• [Available records]:
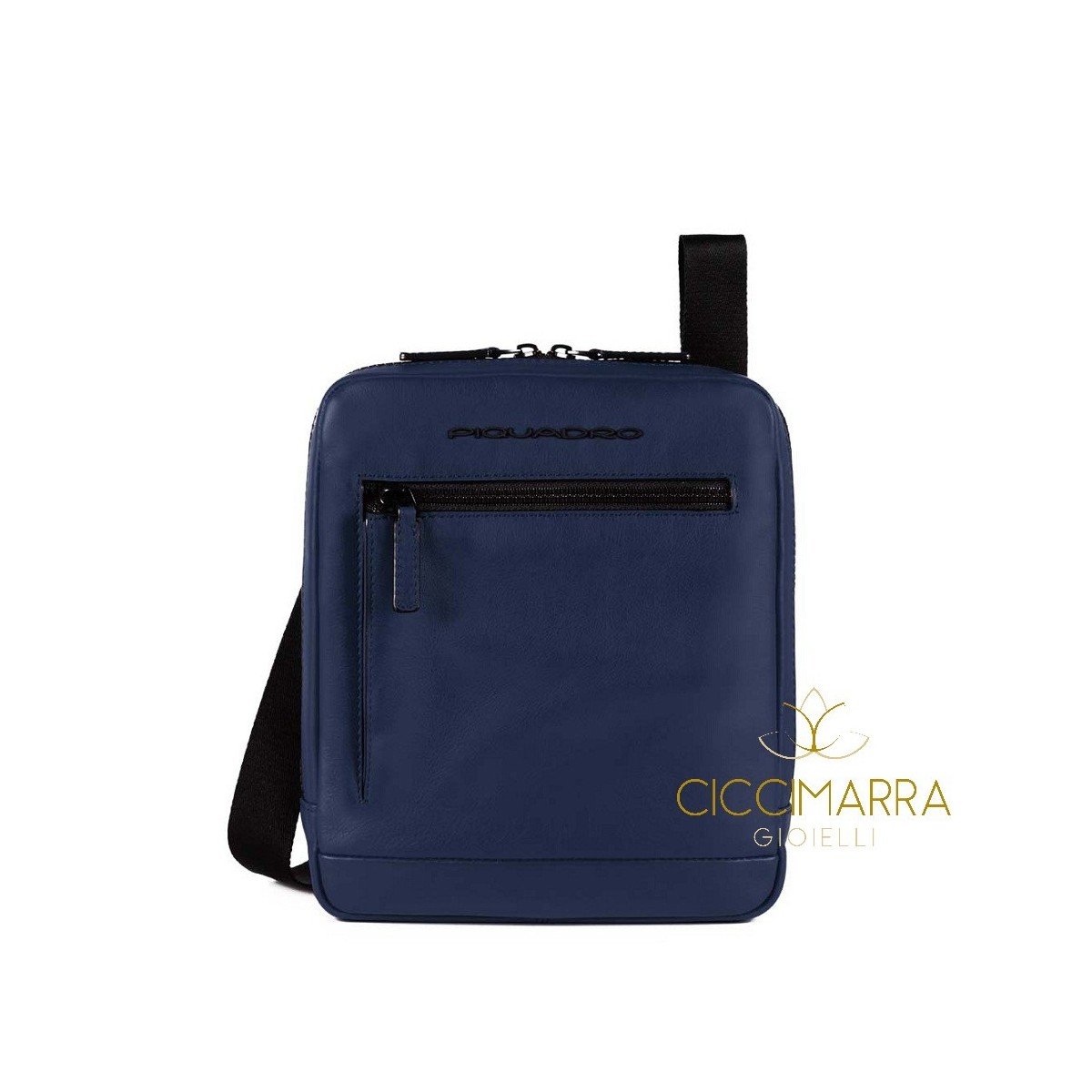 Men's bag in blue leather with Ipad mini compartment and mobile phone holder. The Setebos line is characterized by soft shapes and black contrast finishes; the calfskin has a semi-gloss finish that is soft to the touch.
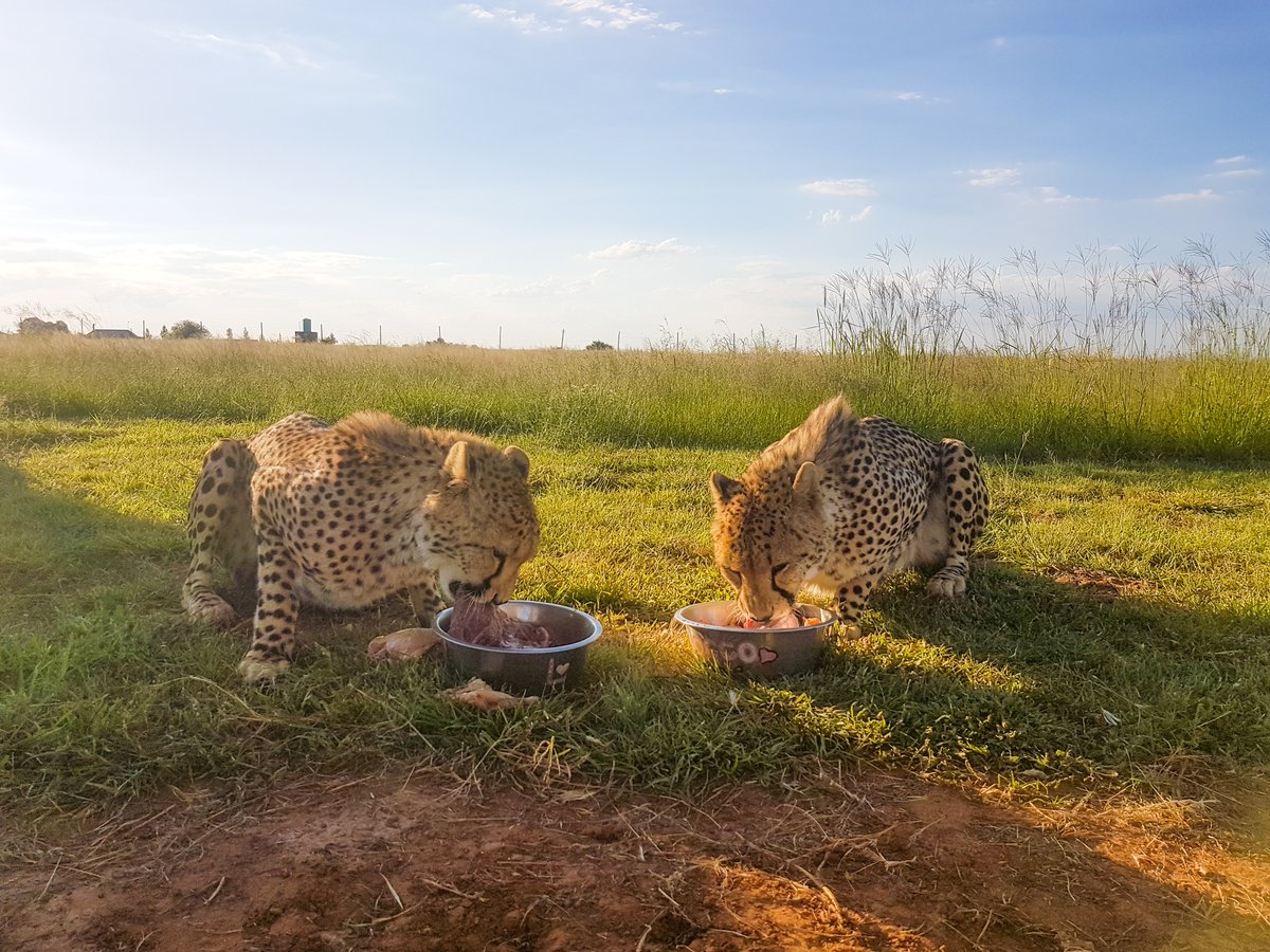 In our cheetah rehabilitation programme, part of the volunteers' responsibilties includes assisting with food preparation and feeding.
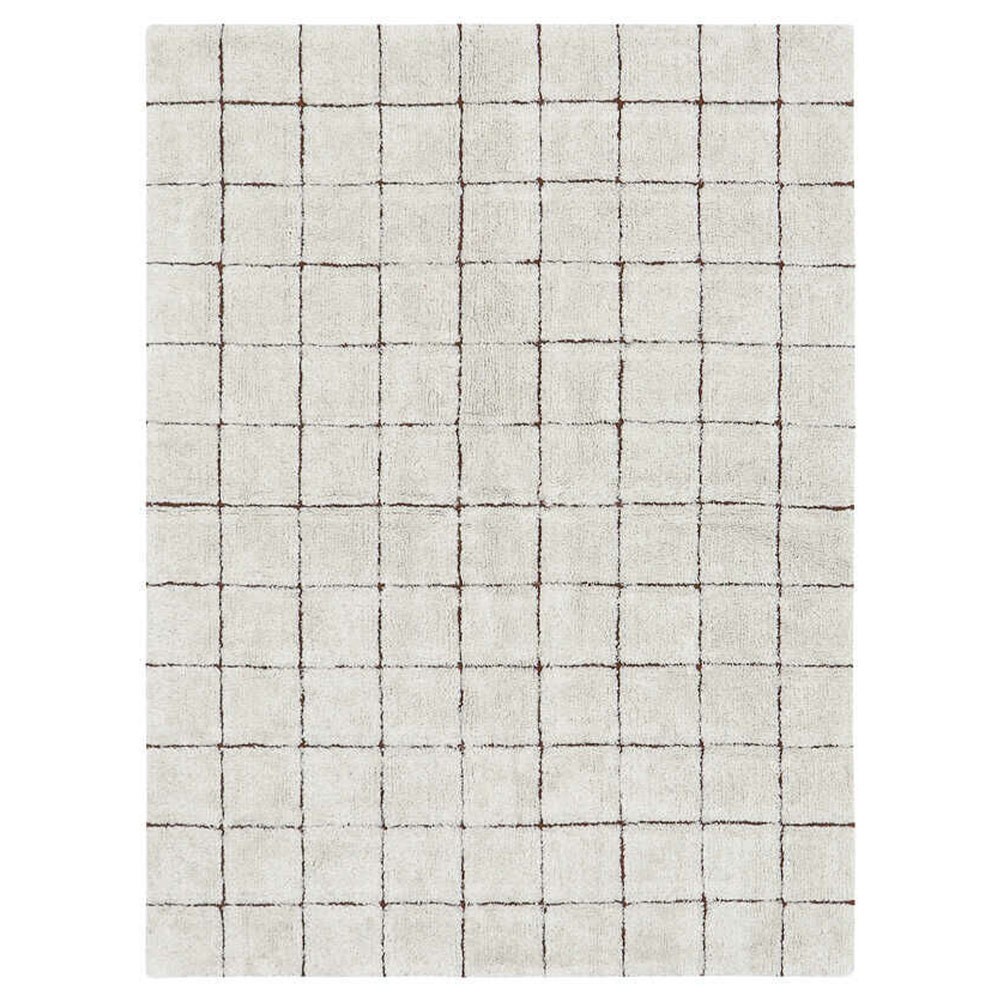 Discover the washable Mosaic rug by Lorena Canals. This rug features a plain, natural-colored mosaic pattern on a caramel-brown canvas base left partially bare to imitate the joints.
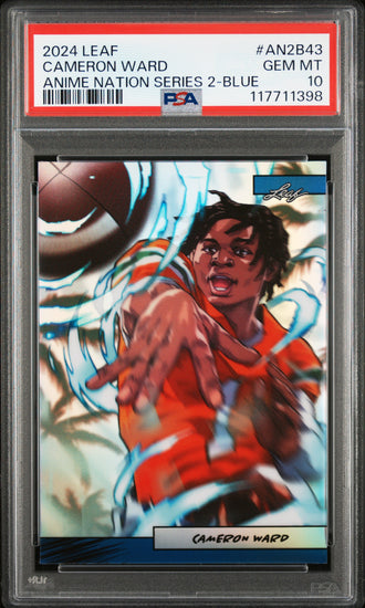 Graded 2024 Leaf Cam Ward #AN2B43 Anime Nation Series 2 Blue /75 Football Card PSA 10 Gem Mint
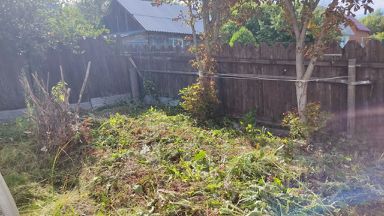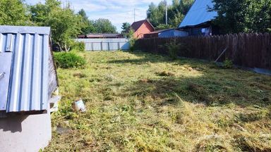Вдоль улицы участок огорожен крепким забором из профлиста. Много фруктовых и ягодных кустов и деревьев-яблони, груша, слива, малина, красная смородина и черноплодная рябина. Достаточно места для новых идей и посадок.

• [What needs to be done]: Copy the final stretch of lines, starting at the one that holds "Discover the washable" and ending at the last line of the data, exactly; omit pictures.

• [Response to the task]:
 Discover the washable Mosaic rug by Lorena Canals. This rug features a plain, natural-colored mosaic pattern on a caramel-brown canvas base left partially bare to imitate the joints.
 Graded 2024 Leaf Cam Ward #AN2B43 Anime Nation Series 2 Blue /75 Football Card PSA 10 Gem Mint
Вдоль улицы участок огорожен крепким забором из профлиста. Много фруктовых и ягодных кустов и деревьев-яблони, груша, слива, малина, красная смородина и черноплодная рябина. Достаточно места для новых идей и посадок.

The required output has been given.